Work item:
Return all of the data exactly as written, without the pictures.

Records supplied:

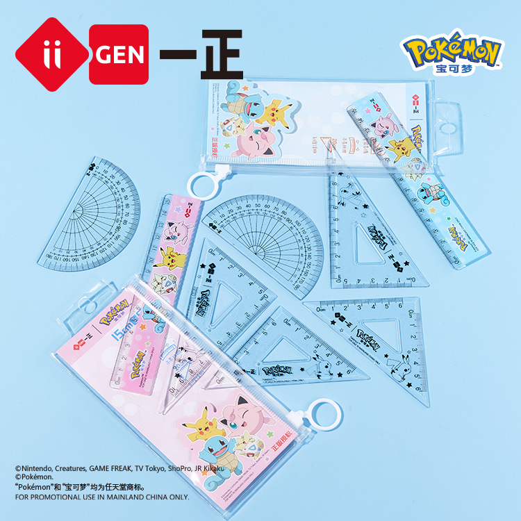 iigen一正文具宝可梦形象15CM套尺小学生专用直尺三角尺量角器
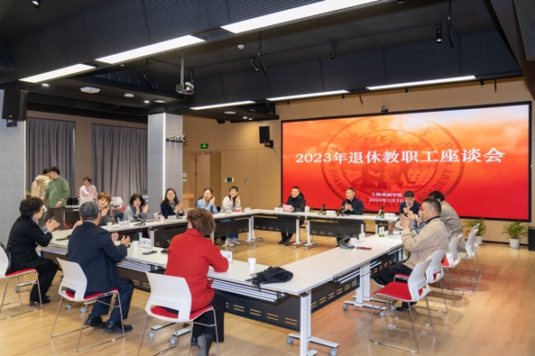 1月24日,2023年退休教职工座谈会在华山路校区智慧教室举行。上海戏剧学院党委书记谢巍,党委副书记、院长黄昌勇,党委副书记、副院长、工会主席张伟令出席了会议,并与教职工们亲切座谈,并为退休教职工送上学校的祝福。
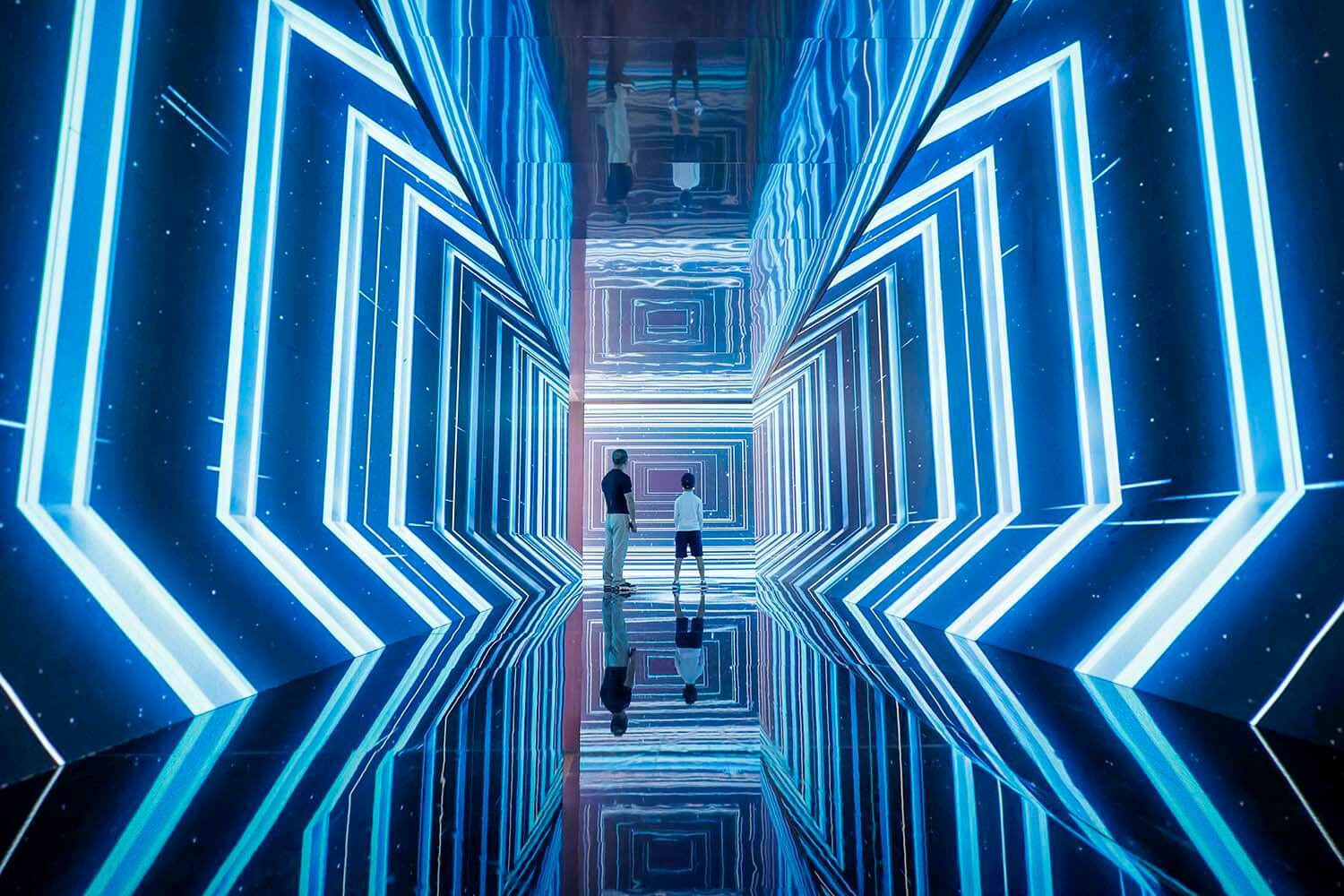 2024年5月26日,广东深圳文博会,一对父子在欣赏科技展示,随着音乐节奏充满了科幻感。鲁力摄
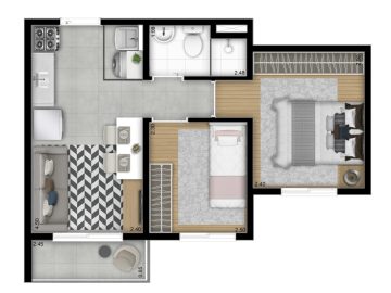 Tipo 2 Dorm s/ suíte c/ terraço.: 33,67m² a 36,07m²
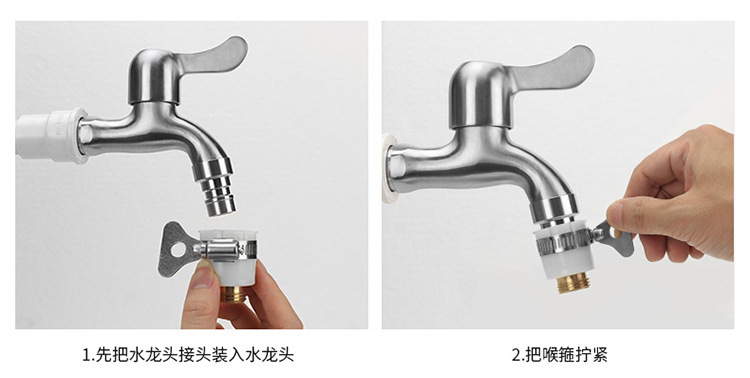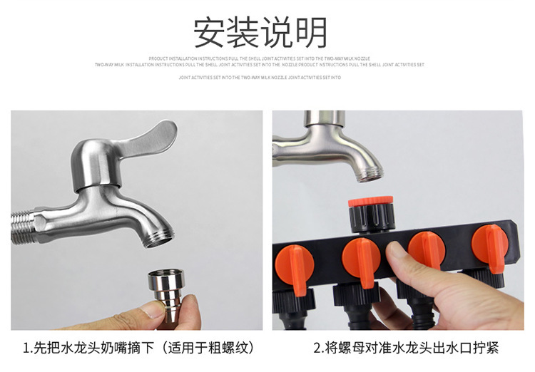 One end of the quick and easy interface is directly connected to the water pipe, and it is installed according to the installation method on the picture.

Answer to the problem:
 iigen一正文具宝可梦形象15CM套尺小学生专用直尺三角尺量角器
 1月24日,2023年退休教职工座谈会在华山路校区智慧教室举行。上海戏剧学院党委书记谢巍,党委副书记、院长黄昌勇,党委副书记、副院长、工会主席张伟令出席了会议,并与教职工们亲切座谈,并为退休教职工送上学校的祝福。
 2024年5月26日,广东深圳文博会,一对父子在欣赏科技展示,随着音乐节奏充满了科幻感。鲁力摄
 Tipo 2 Dorm s/ suíte c/ terraço.: 33,67m² a 36,07m²
 One end of the quick and easy interface is directly connected to the water pipe, and it is installed according to the installation method on the picture.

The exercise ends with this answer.